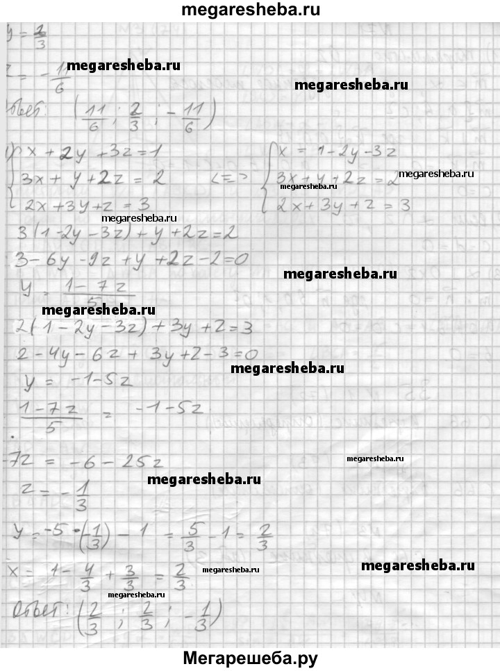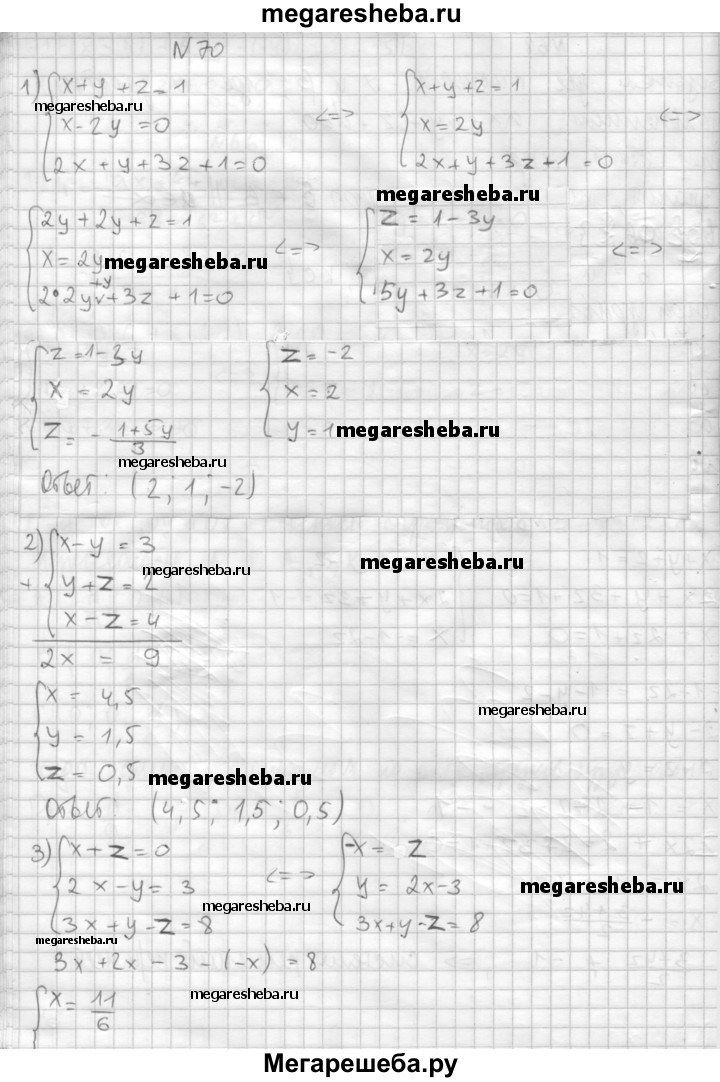 70. Найдите точку пересечения трех плоскостей, задаваемых уравнениями: 1) х + у + z = 1, x - 2у = 0, 2х + у + 3z + 1 = 0; 2) х - у = 3, у + z = 2, х - z = 4; 3) х + z = 0, 2х - у = 3, Зх + у - z = 8; 4) х + 2у + 3z = 1, Зх + у + 2z = 2, 2х + Зу + z = 3.
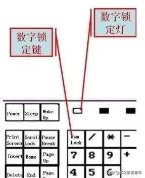 5.Num Lock叫数字锁定键,按一下,右侧第一个灯亮起来,这时数字键盘上的功能为数字功能,可以打数字。再按一下,灯灭了,这时变成控制区的功能,每个数字键上会印有对应控制区的英文说明。
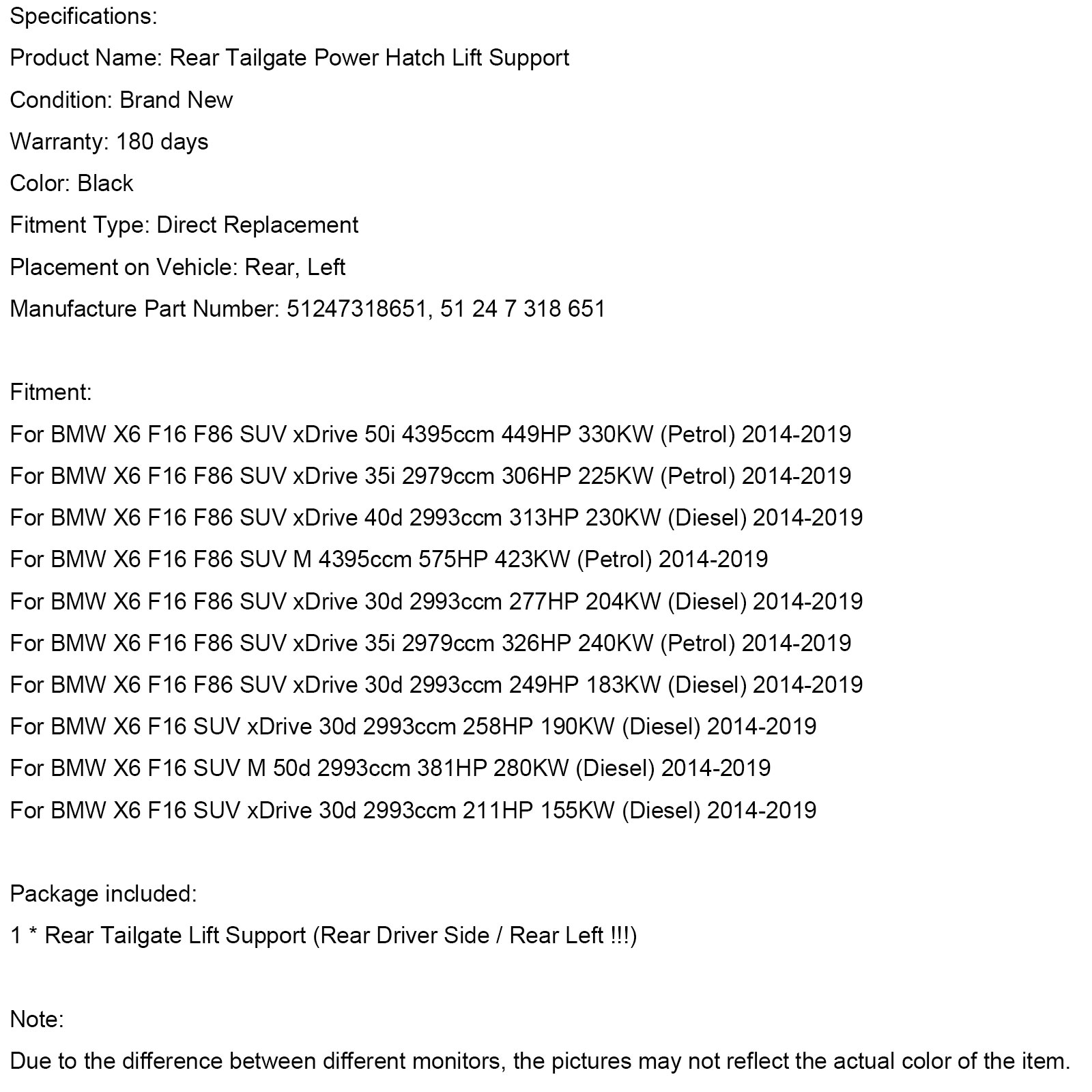 For BMW X6 F16 F86 SUV xDrive 50i 4395ccm 449HP 330KW (Petrol) 2014-2019
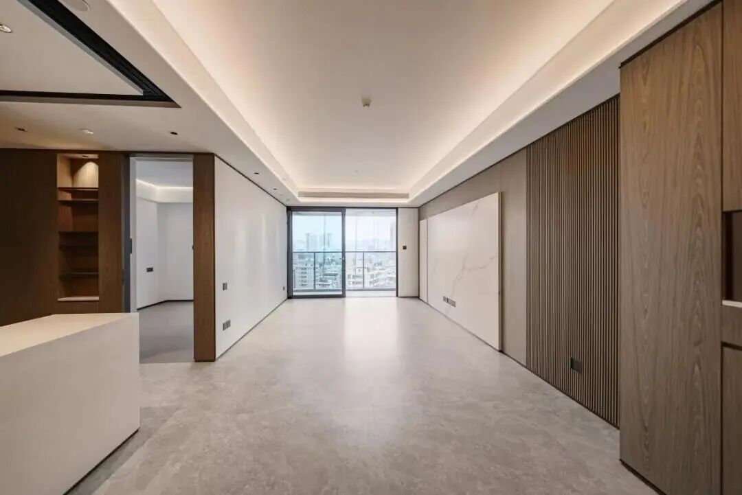 即将启动交付的这批产品中,小户型带精装交付,室内空间通透,交标的木质柜和格栅墙面,沉稳大气。
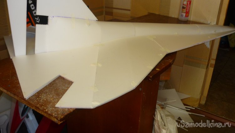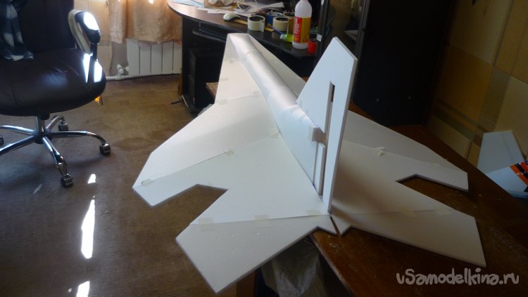 Соединив заготовки, я получил вот такую плоскость, и это не считая элевонов.
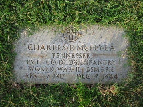 Source of information: Peter Schouteten, Terry Hirsch, www.abmc.gov, www.wwiimemorial.com, www.archives.gov - WWII Enlistment Record, www.ancestry.com - 1940 Census, https://etvma.org/veterans/charles-e-mcelyea-7803/, The Knoxville News-Sentinel 8 June 1961
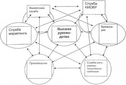 Өндіріс қызметі бұйымның керекті санының шығарылуы үшін жауапты болады. Бухгалтерлік қызмет кірістер мен шығыстарды тексереді, маркетинг қызметіне оның көздеген мақсаттарға қол жеткізуінің қаншалықты табысты келе жатқандығы туралы істің мән-жайын білуге көмектеседі. Барлық осы бөлімшелердің қызметі маркетинг қызметінің жоспарларында да, әрекеттерінде де көрінеді.
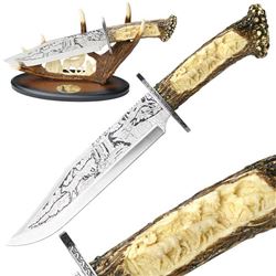 WILDLIFE EDITION 15.25" DEER DISPLAY KNIFE W/ETCHED BLA

THE TASK:
Quote the lines above exactly, starting with the one that has "Соединив заготовки, я" and ending with the one that has "Өндіріс қызметі бұйымның"; drop the pictures and include nothing else.

ANSWER TO THIS EXERCISE:
 Соединив заготовки, я получил вот такую плоскость, и это не считая элевонов.
 Source of information: Peter Schouteten, Terry Hirsch, www.abmc.gov, www.wwiimemorial.com, www.archives.gov - WWII Enlistment Record, www.ancestry.com - 1940 Census, https://etvma.org/veterans/charles-e-mcelyea-7803/, The Knoxville News-Sentinel 8 June 1961
 Өндіріс қызметі бұйымның керекті санының шығарылуы үшін жауапты болады. Бухгалтерлік қызмет кірістер мен шығыстарды тексереді, маркетинг қызметіне оның көздеген мақсаттарға қол жеткізуінің қаншалықты табысты келе жатқандығы туралы істің мән-жайын білуге көмектеседі. Барлық осы бөлімшелердің қызметі маркетинг қызметінің жоспарларында да, әрекеттерінде де көрінеді.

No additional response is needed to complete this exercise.